Decomposition happens rapidly in a hot compost heap with the main agents of decay being heat-loving microorganisms. Decomposition happens slowly at the soil's surface with the main agents of decay being soil animals. However, if the leaves and forest duff on the floor of a forest or a thick matted sod are tilled into the topsoil, decomposition is greatly accelerated.

For two centuries, frontier American agriculture depended on just such a method. Early pioneers would move into an untouched region, clear the forest, and plow in millennia of accumulated nutrients held as biomass on the forest floor. For a few years, perhaps a decade, or even twenty years if the soil carried a higher level of mineralization than the average, crops from forest soils grew magnificently. Then, unless other methods were introduced to rebuild fertility, yields, crop, animal, and human health all declined. When the less-leached grassy prairies of what we now call the Midwest were reached, even greater bounties were mined out for more years because rich black-soil grasslands contain more mineral nutrients and sod accumulates far more humus than do forests.

Sheet composting mimics this system while saving a great deal of effort. Instead of first heaping organic matter up, turning it several times, carting humus back to the garden, spreading it, and tilling it in, sheet composting conducts the decomposition process with far less effort right in the soil needing enrichment.
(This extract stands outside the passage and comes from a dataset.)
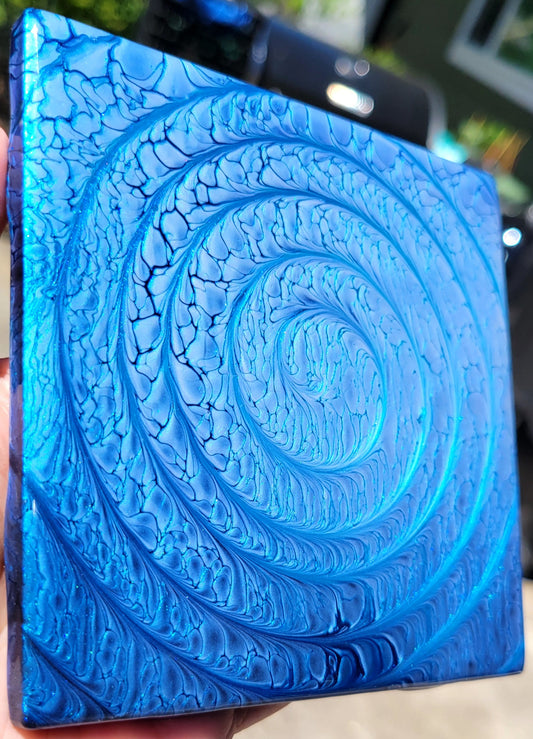 Fluid Art on a 6 Inch Tile with Metallic Colorshifting Pigments
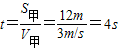 甲t=3m/s×3s=9m,乙的運(yùn)動(dòng)路程S

Sheet composting is the easiest method of all. However, the method has certain liabilities. Unless the material being spread is pure manure without significant amounts of bedding, or only fresh spring grass clippings, or alfalfa hay, the carbon-nitrogen ratio will almost certainly be well above that of stable humus. As explained earlier, during the initial stages of decay the soil will be thoroughly depleted of nutrients. Only after the surplus carbon has been consumed will the soil ecology and nutrient profile normalize. The time this will take depends on the nature of the materials being composted and on soil conditions.

If the soil is moist, airy, and warm and if it already contained high levels of nutrients, and if the organic materials are not ligninous and tough and have a reasonable C/N, then sheet composting will proceed rapidly. If the soil is cold, dry, clayey (relatively airless) or infertile and/or the organic matter consists of things like grain straw, paper, or the very worst, barkless sawdust, then decomposition will be slowed. Obviously, it is not possible to state with any precision how fast sheet composting would proceed for you.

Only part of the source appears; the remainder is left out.